Ted Beaton tbeaton at
Tue May 17 14:02:50 UTC 2005

Scot L. Harris wrote:
> On Tue, 2005-05-17 at 07:50, Ted Beaton wrote:
>>How about this?  Have 2 mail servers.  The backup kept in sync w/ the 
>>primary using rsync or something along that line.  Only the primary is 
>>in the dns.  Have a script on your dns ping the primary mail server and 
>>if it gets a response do nothing.  If it doesn't get a response the 
>>script then edits the db files on the dns server, changes the serial 
>>number in the files and restarts named.  The backup is now the primary. 
>>  Or to be a little more sophisticated you could have the script query 
>>the primary mail server with an expect script using esmtp.  This makes 
>>sure that esmtp is responding not just that the primary mail server is 
>>still on the network.  You need to be running your own dns and mail 
>>servers to do this.  I haven't had the time to do this myself but I know 
>>that my boss would go ballistic if he didn't have email for more than a 
>>couple hours.  Of course he doesn't want to pay for HA.  It was all I 
>>could do to get a Dell 1750 with raid 5 and dual power supplies to build 
>>my mail server on.  Email is his lifeline and he considers it critical.
> What do you have the time to live set to in DNS for your MX records? 
> Modifying DNS can cause significant delays until the new information is
> propagated across the Internet.  This is some what controlled by the
> time to live value set in your DNS.  
> If you have two mail servers that you maintain set them up with equal MX
> records and email will flow though both of them.  If one goes down there
> will be a slight delay as the sender retries.  The delay will be
> controlled by the sender.  If you modify the DNS files as suggested the
> sender may not read the new MX info for some time depending on the TTL
> of the MX and how long their system caches the info.
> Of course if email is really that important I assume you have your email
> servers at different locations with different ISPs.  
> If he is not willing to pay for HA then it must not really be critical. 

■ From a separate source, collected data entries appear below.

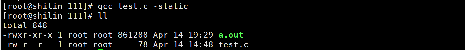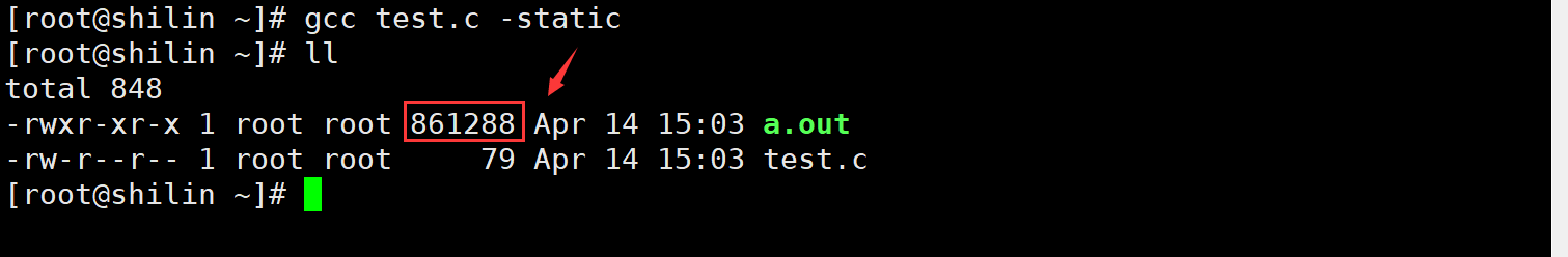 - 此时生成的可执行程序就是静态链接的了,可以明显发现静态链接生成的可执行程序的文件大小,比动态链接生成的可执行程序的文件大小要大得多。
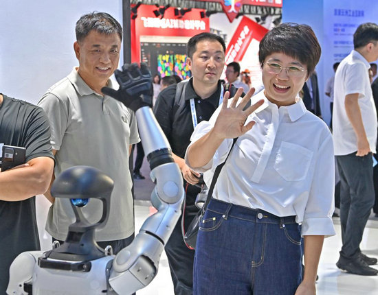 觀眾在2025全球工業(yè)互聯(lián)網(wǎng)大會(huì)現(xiàn)場與機(jī)器人互動(dòng)。新華社記者 周華 攝
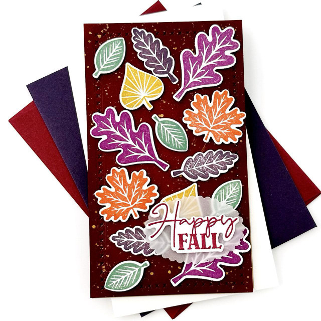 Celebrate the season of changing colors and falling leaves with the All Around Autumn Stamp Set! Simply ink with your favorite TE Premium Ink for a variety of fall leaves, acorns, berries, and sentiments. Pair with the All Around Autumn Dies (sold separately) to cut out each image for added versatility and dimension. Consider using them alongside our TE Maps - Happy Half Sheets (sold separately) to create multiple card layouts with one half sheet of cardstock! Sentiments include: Autumn greetings, Happy fall, Thankful for you. Includes 11 pre-trimmed red rubber stamps on cling foam. The largest measures 2 1/4 in. x 1 1/4 in. and the smallest measures 1/4 x 1/4 in. Storage panel measures 5 1/4 x 6 3/4 in. Coordinates with All Around Autumn Dies (sold separately).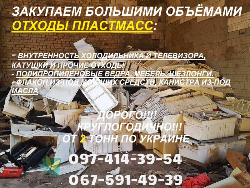 Покупаем отходы полистирола. Дробленый полистирол (ПС-УПМ), цвет белый, серый, черный, цветной. Также купим отходы пластмасс полистирола УПМ (крышка телевизора, внутренности холодильника, катушки, корзины для бумаг, лотки, пробки, ванночки и т.д.). Покупаем дробленный полипропилен ПП (ППР-ящик не предлагать). Цвет не важен. Также покупаем лом пластмасс, полипропилен - шезлонги, ведра, столы, стулья, мебель, брак производства, формы из-под тротуарной плитки и прочие отходы. Работаем как за наличный расчет, так и по безналичному. Тел.: (067) 591-49-39, (097) 414-39-54. Анастасия. Дополнительная информация на сайте polymers.com.ua |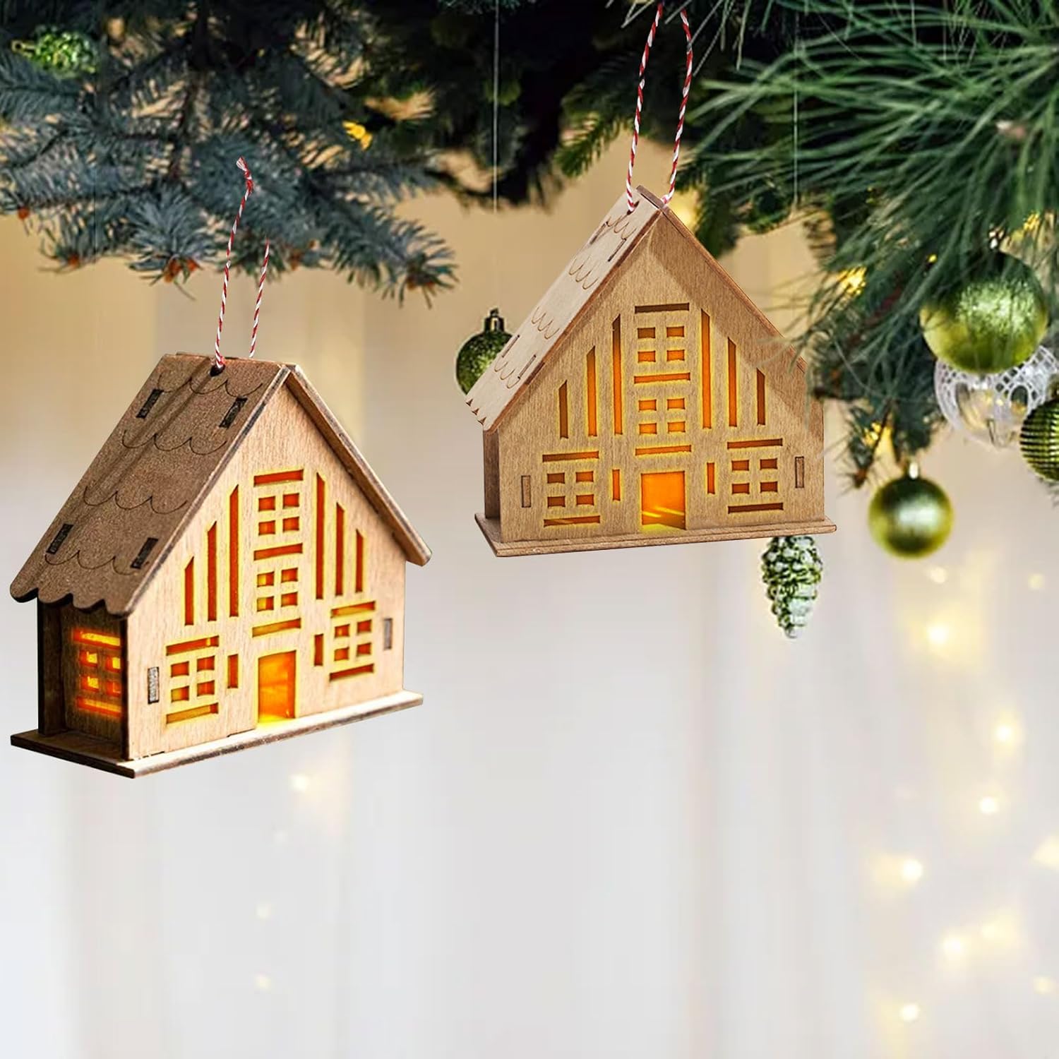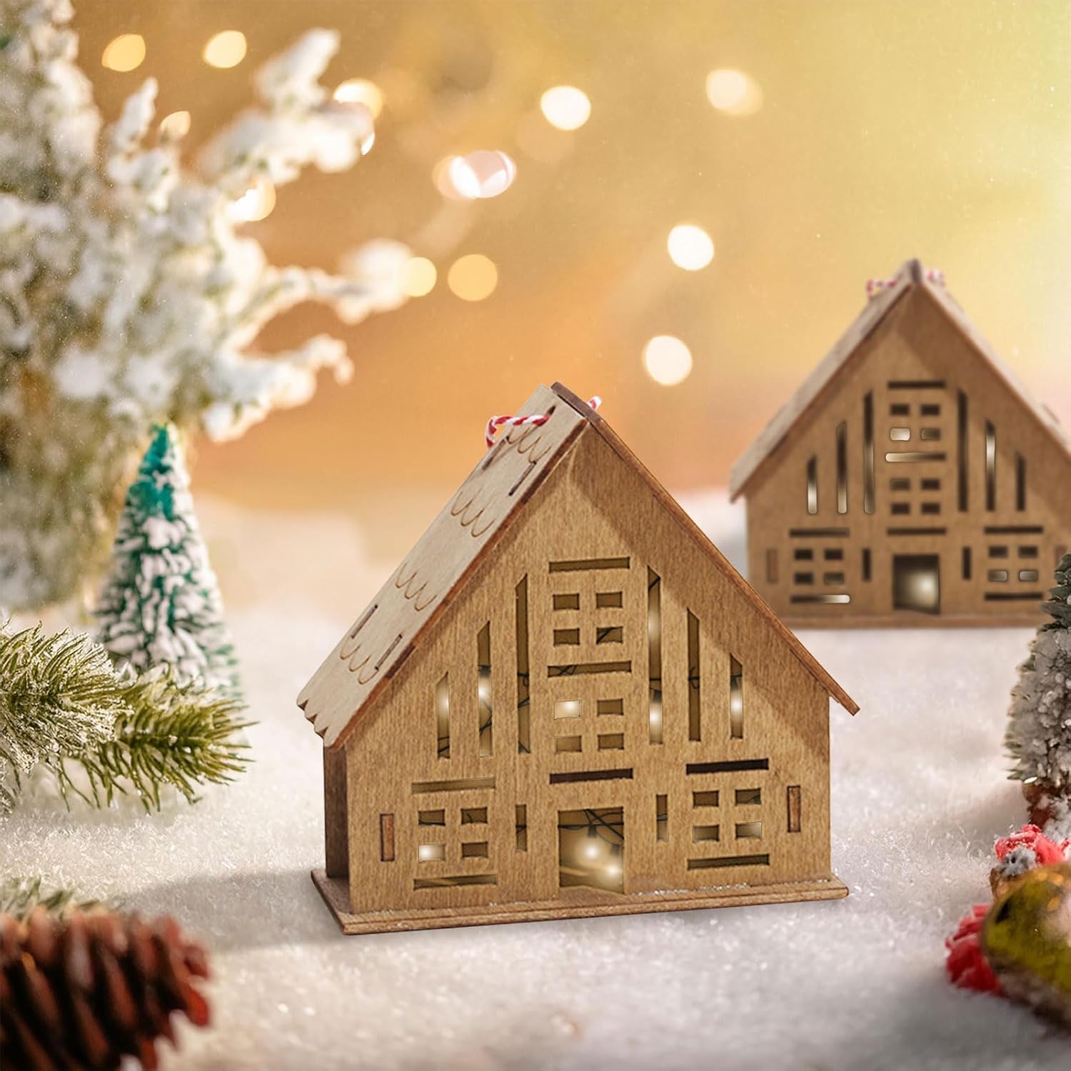 Ξύλινα Χριστουγεννιάτικα Σπιτάκια – Στολίδια Διακοσμητικά 2 τεμ

You can even avoid the whole dns thing.  If the primary server is down 
(as in off the network), a couple things could happen.  First ifconfig 
the backup to the ip of the primary.  Then the change is invisible to 
both local users and the world.  Except for the MAC it is now the same 
machine.  Then send me an email telling me to go fix it so it doesn't 
come back up and cause an ip conflict.  If the machine isn't off the 
network but the processes are hosed just "init 0" it and then send me an 
email.  Depending on how you set up rsync the machine could have all the 
latest blacklists, access lists, av definitions, etc from that.  Or it 
could do it's own updates while it is waiting to assume the primary 
role.  As for needing the server at a different site, that would only be 
needed if your primary concern was people getting mail to it (which in 
the original post that was true).  In my case the guy I work for wants 
full functionality.  But if our internet connection is down he has no 
connectivity anyway.  He still couldn't get to his mail unless he went 
home.  As for the last statement "must not really be critical", I'm 
surprised that I'm the only person who works for someone who doesn't let 
logic dissuade him from what he wants.  He wants the redundancy of NASA 
for free. ;-)  Of course I haven't done this yet, even though this is 
"critical" to him, everything else is too and I'm doing "all the other 
stuff".  But I have done things like this in the past.